Thread: How to configure multiple database connections using config files?

  1. #1
    Join Date
    Jan 2016
    Posts
    9

    Default How to configure multiple database connections using config files?

    We use kettle as an interface appliance for importing data into our central (OLAP) reporting database. Since there are various data sources for reporting, we have a couple of different database connections to import from.

    Now I want to keep the kettle files free from database credentials so that the kettle files can run on the test server, then be deployed to the production server, using a different set of database connections.

    My vision was to use an XML file holding the several connection settings (one connection per node). I read it with the "Get data from XML" step.

    Code:
    <?xml version="1.0" encoding="UTF-8" ?>
    <connections>
        <connection>
            <host>dbhost1</host>
            <database>database1</database>
            <user>fred</user>
            <password>Encrypted 12321343423142314234234234</password>
        </connection>
        <connection>
            <host>dbhost2</host>
            <database>database2</database>
            <user>wilma</user>
            <password>Encrypted 987987987987987987987987987</password>
        </connection>
    </connections>
    And then follows a "Javascript Value" step which dynamically sets connection parameters like:
    • DB1_HOST = 'dbhost1'
    • DB1_DATABASE = 'database1'
    • DB1_USER = 'fred'
    • NEXTDB_HOST = 'dbhost2'
    • NEXTDB_DATABASE = 'database2'
    • NEXTDB_USER = 'wilma'
    • etc.


    So the idea ist: for each "row" in the XML config file (each <connection> node), create the a set of kettle variables XX_HOST, XX_DATABASE, XX_USER and XX_PASSWORD. These variables can then be used in subsequent database access steps.

    I can't figure out how to make this work. As it seems to me, the "Javascript modify value" can only populate pre-defined Variables and cannot create new ones. However, I would very much like to generate these configuration settings dynamically.

    Has anybody an idea how I could accomplish this task?
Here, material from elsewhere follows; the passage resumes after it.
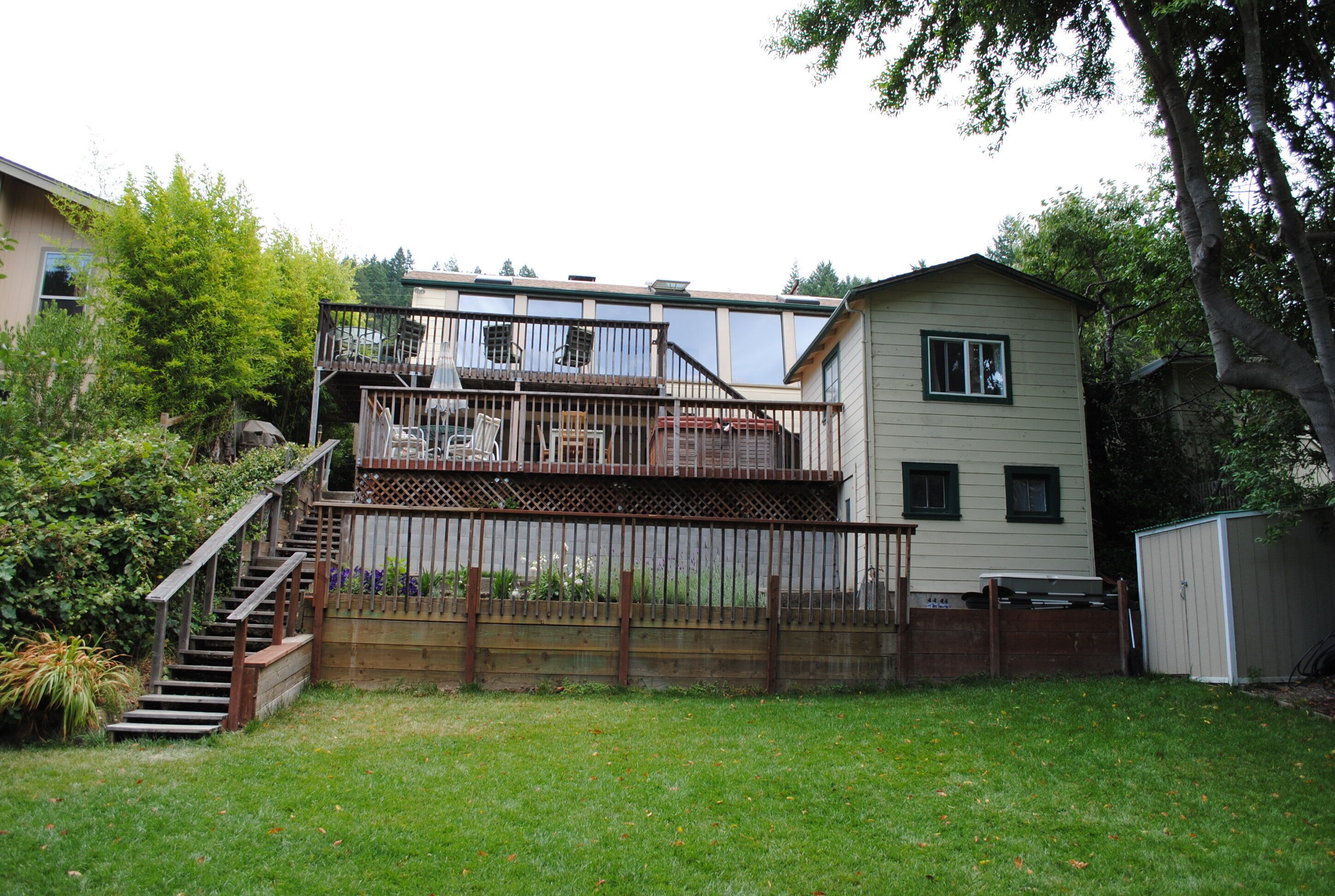 Just off the deck, the backstairs lead down to a large grassy, fenced backyard with a horseshoe pit, and plenty of room to play amongst beds of beautiful flowers, roses, and banana trees. We have lots of fruit trees, cherry, plum, 2 apples, pears you are welcome to enjoy when in season. There is also an outdoor shower with hot and cold water to rinse off after the river, or just enjoy taking a shower outside under the stars. Situated under the canopy of an apple tree, is the Boat House which is the perfect place to take a nap on the futon, or change clothes after coming up from the river. The Boat house also has lifejackets, paddles for the kayaks, and other toys to play in the River or the yard with.

    Thank you very much in advance! I am using kettle 6.0.0.
    Last edited by andimeier; 01-18-2016 at 11:44 AM.

  2. #2
    Join Date
    Aug 2011
    Posts
    360

    Default

    Javascript step has "setVariable (yourVarName, yourVarValue)" function....
    you can actually set variable of any name.
    Just need to add a <name> tag for each connection and then use it as a prefix to build
    your variable names, like prefix+"_HOST" etc.
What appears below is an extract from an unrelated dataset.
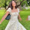 - Neckline: Square Collar
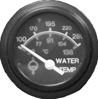 Coolant Temperature Gauge: The upper right gauge in the instrument panel, it indicates the temperature of the engine coolant. Under normal conditions, this gauge should indicate approximately 185°F (85°C).

    However, maybe the best way is to use jndi datasource. So you only need to know the jndi name in PDI connection,
    which is the same in every environnment, then you put your database configuration in a .properties file
    which is read by your jndi provider (simple-jndi in pentaho).

  3. #3
    Join Date
    Oct 2013
    Posts
    216

    Default

    You can define multiple datasource details in kettle.properties and use that variable in PDI connection details, Using it you are not required to change it while migrating from test to production.
    -- NITIN --

  4. #4
    Join Date
    Jan 2016
    Posts
    9

    Default

    Quote Originally Posted by Mathias.CH View Post
    Javascript step has "setVariable (yourVarName, yourVarValue)" function....
    you can actually set variable of any name.
    Just need to add a <name> tag for each connection and then use it as a prefix to build
    your variable names, like prefix+"_HOST" etc.
    This would be very interesting - but I did not get this to work. I tried this:

    Name:  read_xml.png
Views: 1456
Size:  3.5 KB

    with the XML source being:

    Code:
    <?xml version="1.0" encoding="UTF-8" ?><connections>
        <connection id="SALES">
            <host>sap1234.server.com</host>
            <database>SALES01</database>
            <user>sales</user>
            <password>Encrypted 503624375f6171c8eacaa90ec5789a8e024346742f1b6ffc8</password>
        </connection>
        <connection id="TARGET">
            <host>reportdb.server.com</host>
            <database>REPORT01</database>
            <user>report</user>
            <password>Encrypted 12345667868787acaa90ec5789a8e024346742f1b6ffc8</password>
        </connection>
    </connections>
    On the "Get data from XML" step, I used /connections/connection as "Loop XPath", so this step would emit 2 rows (representing 2 database connections). Plus an additional field representing the connection ID (the "id" attribute from XML's <connection> tag):

    Name:  xml_fields.png
Views: 1583
Size:  11.3 KB

    In the second step, my intention would be to dynamically set variables like this:

    Code:
    SetVariable(connection_id + '_HOST', host, 'p');
    SetVariable(connection_id + '_DATABASE, database, 'p');
    SetVariable(connection_id + '_USER, user, 'p');
    SetVariable(connection_id + '_PASSWORD, password, 'p');
    But I do not manage to check if this has succeeded.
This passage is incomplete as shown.